One of these two cases is unfolding as de Leon is reporting, and involves Dyanie Bermeo, a college student in North Carolina who was charged with filing a false report soon after she told police she’d been assaulted by someone impersonating a cop. The second accuser, Emma Mannion, meets de Leon several years after her experience as a University of Alabama student. Members of the Tuscaloosa PD began their dubious investigation of her reported rape by grilling her — in the hospital room where she was receiving a vaginal exam.
The most disturbing material in the documentary is surely the police interrogation footage. Such tapes have become a familiar element of true-crime films and series; here, as in Making a Murderer, they expose manipulative (but legal) interrogation practices, such as the Reid Technique of eliciting confessions. “I’m breaking down psychological barriers,” one detective assures de Leon. Her filmed interview with him shows her in full command, using her own impressive methods to dismantle his mansplaining stance. The cops’ interrogation practices sometimes involve false claims that they have video footage disproving the accuser’s allegations. Regarding Mannion’s case, Schwartzman and de Leon punch major holes in that line of attack.
The interrogation-room footage also reveals an outrageous divide between how accusers and accused are treated in cases of sexual assault — if the accused is even brought into that room.
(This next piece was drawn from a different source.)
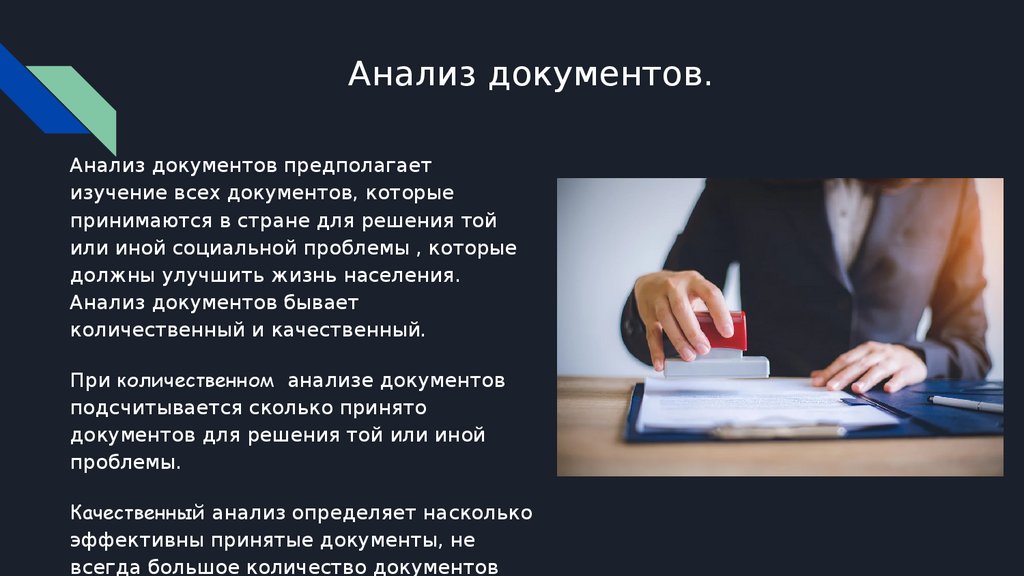 Анализ документов.Анализ документов предполагает

A Connecticut detective tells de Leon that he never questioned two college football players accused of rape because they “didn’t want to be interviewed.” In another farce, one accused man, a member of an influential family, is told, after some hey-buddy chat about fishing, that he did nothing wrong, and he thanks the officer for doing “a very thorough job.”
In contrast, the women in those interrogation rooms — sometimes for hours on end — are greeted with such statements as “I do not believe you at all.” And then, once the police deem someone a liar rather than a victim, a hideous cycle begins: They make her “false report” known on social media, divulging her name. Beyond inciting cruel comments from the usual trolls, these posts are picked up by so-called journalists and republished without the slightest attempt at corroboration.
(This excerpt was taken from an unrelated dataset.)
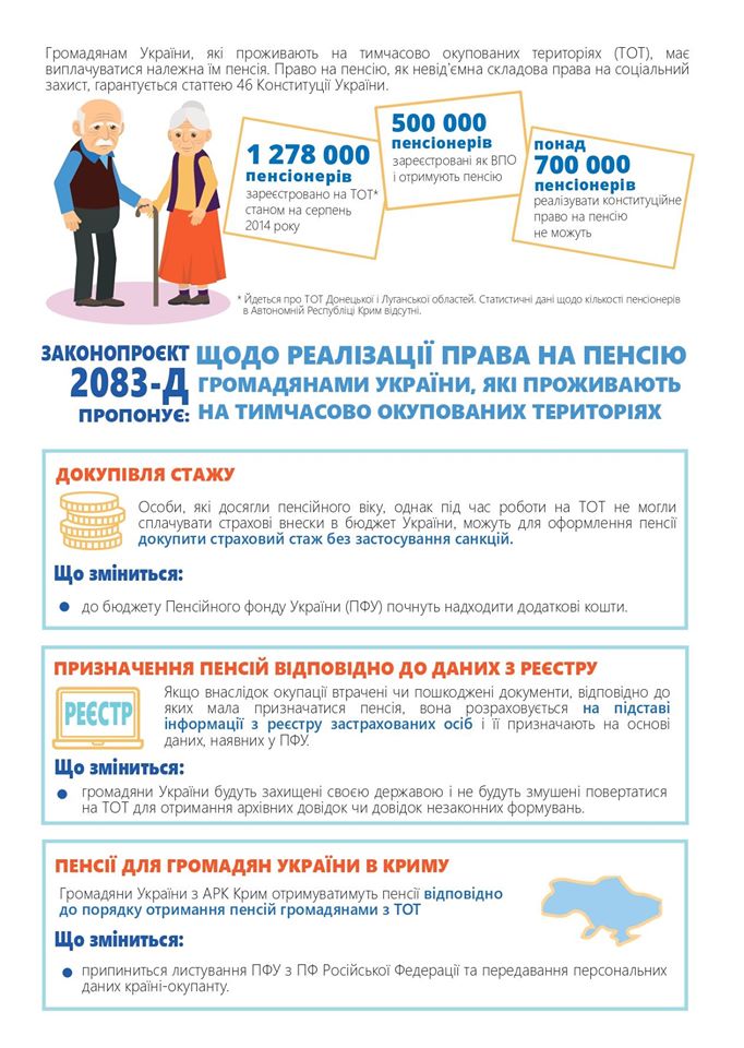 - Надати людям, які жили на тимчасово окупованих територіях і не могли платити страхові внески, право докупити стаж без застосування санкцій;

Attorneys and other experts weigh in on the miscarriage of justice. Law professor Lisa Avalos describes a “media fascination” with Gone Girl Syndrome, and points out that the greater risk by far, for men and women alike, is not that they’ll be falsely accused of sexual assault, but that they’ll be assaulted. Carl Hershman, a retired San Diego Sex Crimes Unit detective, explains why many cops prefer to close a case — and get it off their desk — with the woman’s arrest rather than taking the time to investigate her claims.
Women Talking director Sarah Polley recently said on Marc Maron’s podcast that she believes we’re in the midst of a backlash to #MeToo. That may explain some of the cases that de Leon has investigated, but the problem is deep-seated and predates any recent social movement; the journalist’s work covers 10 years’ worth of cases. Victim/Suspect illuminates a horrific reality that has upended many women’s lives. And it offers clear validation of an essential truth that many observers have found hard to accept: Recanting is not evidence that a crime was not committed, just proof that psychological games work, especially when someone is young, naive and traumatized.